Le principe est bien rodé : pour nous faire découvrir une communauté, rien de tel que d’y intégrer un nouvel élément qui va nous la présenter à mesure qu’il la découvre C’est ainsi que le retour au bercail du fils hippie va permettre l’immersion dans le clan éponyme, monde viril des bûcherons de l’Oregon.
Une grande partie du film prendra ainsi une tonalité quasi documentaire : abattage d’arbres démesurés, le rapport à la machine, le danger créent une tension croissante, dans la mesure où l’univers de fiction impose l’irruption d’un accident.
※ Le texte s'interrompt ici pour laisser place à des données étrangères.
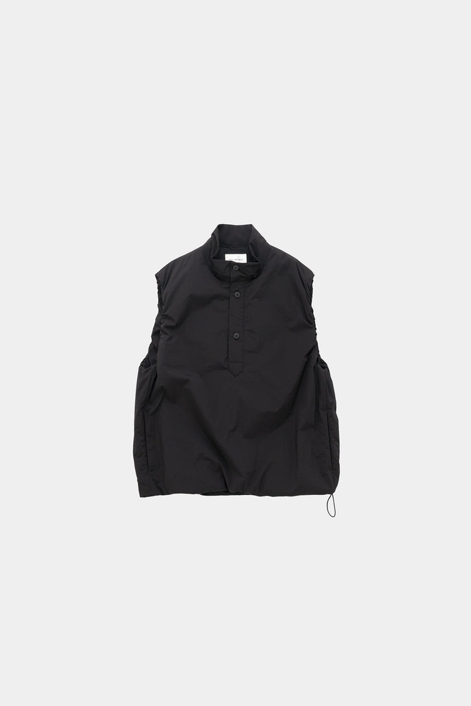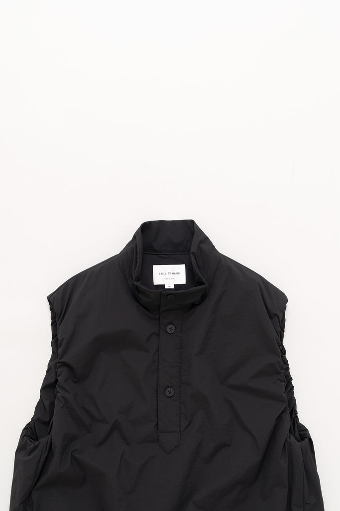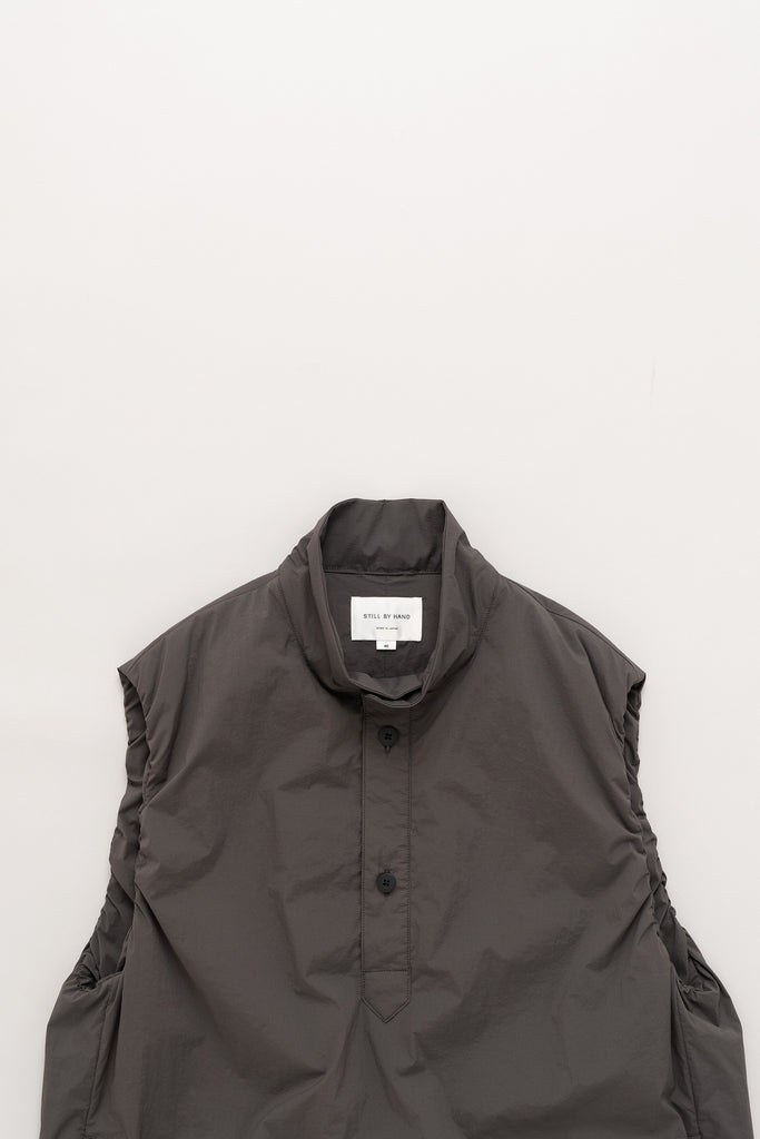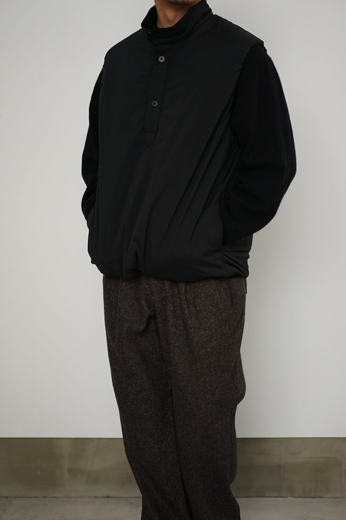撥水性がありながら天然素材のような見た目のナイロン素材でシンサレート入りプルオーバーベストを作成。

Mais cette violence n’est que le pendant de celle, bien plus sourde et épaisse, qui se joue entre les êtres. Autour d’un patriarche (Fonda, royal) rustre et ne jouant son rôle que parce qu’il n’en connait pas d’autre, les désillusions se déclinent : celle du jeune homme, celle de l’épouse et son enfant mort-né, celle enfin d’un passé qui resurgit par couches et dont ne sait pas vraiment quoi faire : la psychologie et le dialogue ne sont pas exactement des éléments auxquels on accorde du crédit.
Ce qui compte, c’est le geste, le labeur, dont naît l’unique fierté du clan. Aussi, quand s’organise une grève collective dans la contrée, c’est l’identité même de la famille qu’on touche : les empêcher d’agir, c’est les réduire à néant.
C’est là l’intérêt précieux du film : alors qu’on pourrait le considérer comme un plaidoyer assez droitier contre le syndicalisme, le récit questionne plutôt ce qui fait d’eux des irréductibles : cette incapacité à renoncer sur le seul domaine qu’ils semblent maitriser ; les fêlures, les silences et les gouffres se comblent par la hache, la grue et la chute des grumes dans la rivière. Le patriarche n’affirme pas autre chose, notamment à la jeune épouse qui questionne un temps la vie qui est la leur : Pourquoi continuer à travailler ?
-To keep going, that’s why. To work and sleep and screw and eat and drink and keep on going.
- And that’s all ?
- Honeysweet, that’s all there is.
L’effroi discret occasionné par une telle profession de foi provoque chez le spectateur un mélange contrasté de désarroi et de compassion. Il n’est donc pas nécessaire d’adhérer aux idées du clan pour partager leur bravade finale : cette traversée sur la rivière, faisant du bras arraché du père un totem en doigt d’honneur à la collectivité n’est pas forcément un modèle moral, mais c’est un baroud d’honneur qui forge une famille. Face à l’adversité, à la pénibilité d’un quotidien qui ne mène pas bien loin, ce trajet final sur l’eau n’est pas un happy end : c’est, simplement, le courage que se donnent des hommes à persévérer dans l’avancée, sous peine de couler.